Any performance tips for dealing with large datasets? Should I simply shard before saving to disk? If I do that, then I get copies of 18 GB files in each shard’s directory. What are my options?

Forgot to mention. I am already using num_proc and larger batches to speed up dataset map invocations. Those work great. It’s the save_to_disk that I am not sure how to deal with. And sharding without additional copies of the underlying dataset being copies in all shard directories.

Thanks in advance.

Hi !
Is there an error message ?

No, the Python process just dies. I have 120 GB of RAM on this machine and 500 GB of disk space. If I could shard this large dataset before saving that would work too. I would just save these shards one by one. But by doing sharding I get copies of of dataset.arrow in each dir and it quickly adds up.
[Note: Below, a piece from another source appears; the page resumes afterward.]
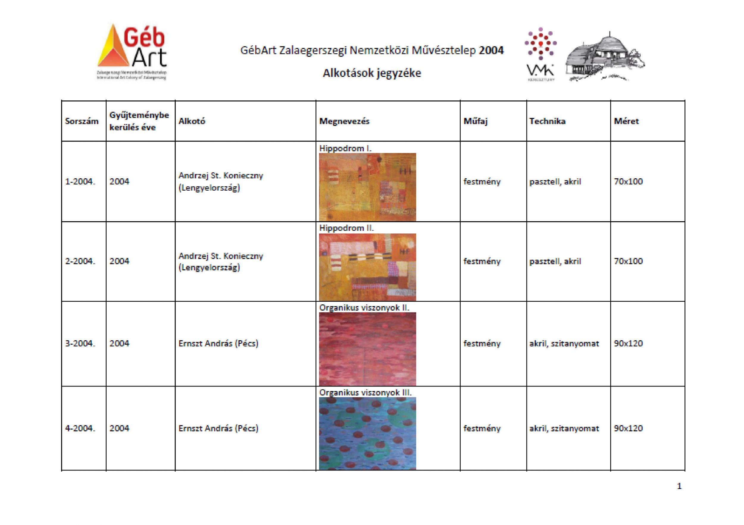 2004. évi alkotások jegyzéke

I found a way to resolve the issue - shard the dataset before doing the last transformation and save_to_disk. That way resulting shards are not copies of dataset.arrow and indices file. If you are curious to have a look, here it is create_pretraining_dataset.py

1 Like

You had several copies of the full dataset file because the shard method only applies an indices mapping on top of the loaded dataset file: it doesn’t create a new dataset file. To remove the indices mapping and write one file per shard you have to call flatten_indices on each shard.

Do you have a way to reproduce the crash you experienced ?

Gotcha, thanks! Perhaps flatten_indices could be a parameter when sharding? I didn’t see a crash any more as I moved onto this new approach. I am now trying to figure out how to create superfast dataloaders using datasets. If you got some tips on that one lmk.

1 Like